An Example for 431 Project A

Author

Thomas E. Love, Ph.D.

Published

2023-10-10

1 R Packages

library(Hmisc)
library(janitor)
library(naniar)

library(xfun) ## or, if you prefer use library(sessioninfo)

library(googlesheets4)
library(gt)
library(gtExtras)
library(mosaic)
library(car) # for Box-Cox

library(broom)
library(patchwork)

library(tidyverse)

theme_set(theme_bw())
knitr::opts_chunk$set(comment = NA)

2 Data Ingest

gs4_deauth()

movies1 <- 
  read_sheet("https://docs.google.com/spreadsheets/d/1qJnQWSjXyOXFZOO8VZixpgZWbraUW66SfP5hE5bKW4k") |>
  select(film_id, film, imdb_stars, imdb_pct10) |>
  mutate(film_id = as.character(film_id))

✔ Reading from "movies_2023-09-14".

✔ Range 'Initial Data'.

dim(movies1)

[1] 201   4

3 CWRU Colors

I decided to show off here and make use of some of the 2023 official CWRU colors.

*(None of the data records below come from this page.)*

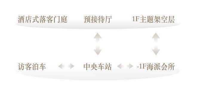 精装车库打破传统车行通道的单调感,并以「中央车站」概念打造枢纽式空间,连通会所与庭院,实现高效通行与私密守护的平衡。地下车库不仅精装交付,还首次提出“中央车站”概念。
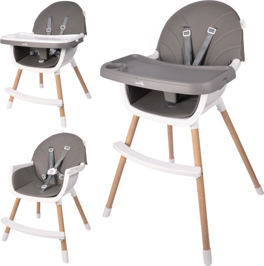 La práctica trona infantil BITEO en elegante color gris ofrece una alimentación segura y cómoda cada día. Dispone de un arnés de seguridad de 5 puntos, bandeja doble desmontable y ajustable en altura, patas ajustables y topes antideslizantes. Las patas de acero con acabado imitación madera complementan el aspecto moderno y proporcionan una estabilidad fiable. El paquete incluye un babero gratis.
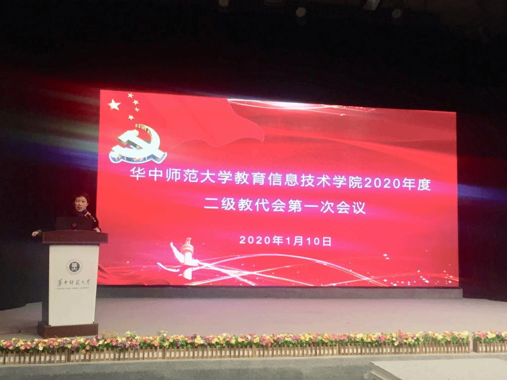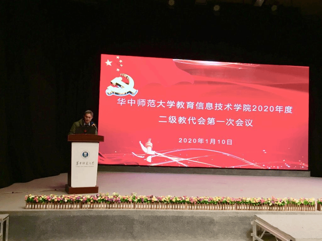 教育信息技术学院迅 2020年1月10日下午,教育信息技术学院召开2020年度二级教代会第一次会议,院党委书记游丽、院长刘清堂、副院长左明章、童名文出席,全体教职工参加了此次会议。会议由院党委委员、工会主席宁国勤主持。
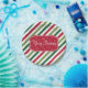 Feliz ilustracion navideño con texto y diseño de copos de nieve sobre fondo rayado rojo, blanco y verde
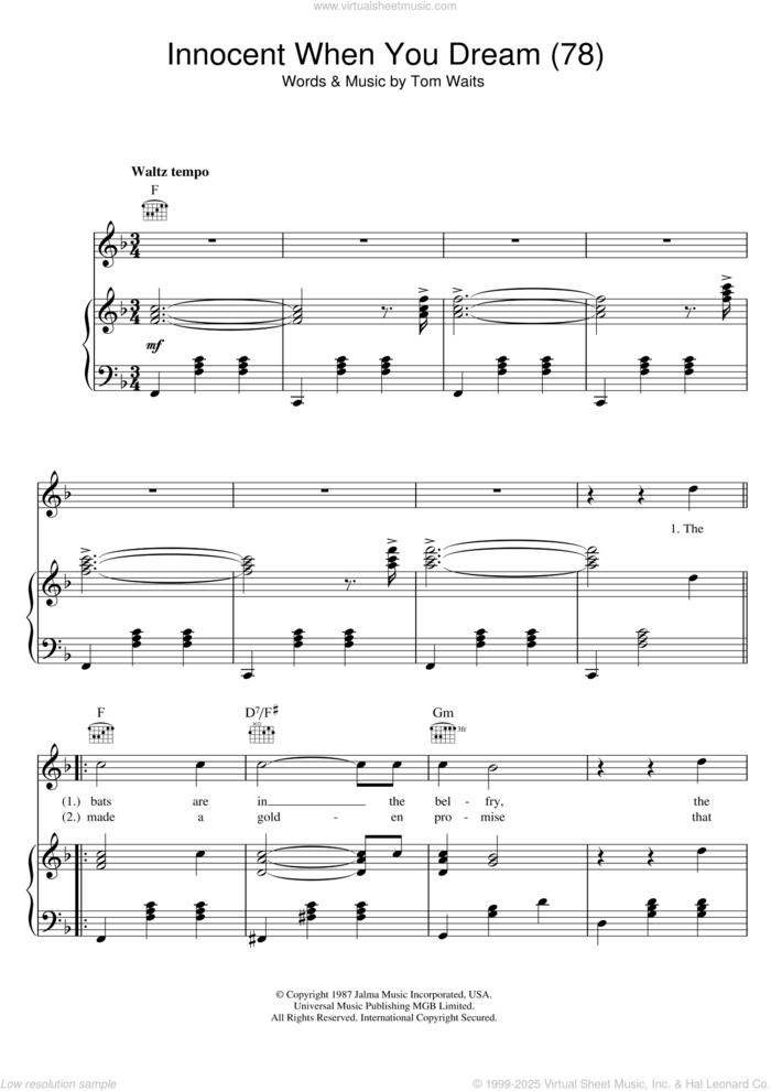 This new feature (still experimental) allows you to ask questions related to this music title to our AI music assistant (powered by OpenAI ChatGPT), trained to answer as an expert on this music title.You may ask questions like "When was this song written?" or "How would you suggest approaching this song?" You can also ask questions about the author or anything else you may think of. Just enter your queries inside the field on the top of the displayed music and click the "Ask" button on the left to start chatting. Remember that the assistant cannot perform catalog searches. It is focused only on this music title. It could also give you wrong or imperfect answers. In that case, click the "regenerate" button on the side of the answer to replace it with a new one. And, of course, you can provide feedback for each answer so we can improve the system. ![]() Tom Waits: Innocent When You Dream (78) for voice, piano or guitar, intermediate sheet music. Includes an High-Quality PDF file to download instantly. Licensed to Virtual Sheet Music® by Hal Leonard® publishing company. NOTE: The image above is just a preview of the first page of this item. Buy this item to display, print, and enjoy the complete music. Basic Score Info

Note that once I’ve named these in this way, based on their hexadecimal representations, I do not include quotes around them in ggplot-based plots.

## CWRU colors

cwru_blue <- '#003071'
cwru_darkblue <- '#09143A'
cwru_trueblue <- '#007AB8'
cwru_lightblue <- '#A6D2E6'
cwru_darkgray <- '#999999'
cwru_lightgray <- '#D3D3D3'
cwru_terracottaorange <- '#D63D1F'
cwru_fallyellow <- '#E69E40'
cwru_bluegreen <- '#377E72'
cwru_violetpurple <- '#692C95'
cwru_vividgreen <- '#61A530'

4 An Important Message

I wrote this document to help you get a feel for what we are looking for in Analysis 1 for Project A, and to make the scope of that work a bit clearer.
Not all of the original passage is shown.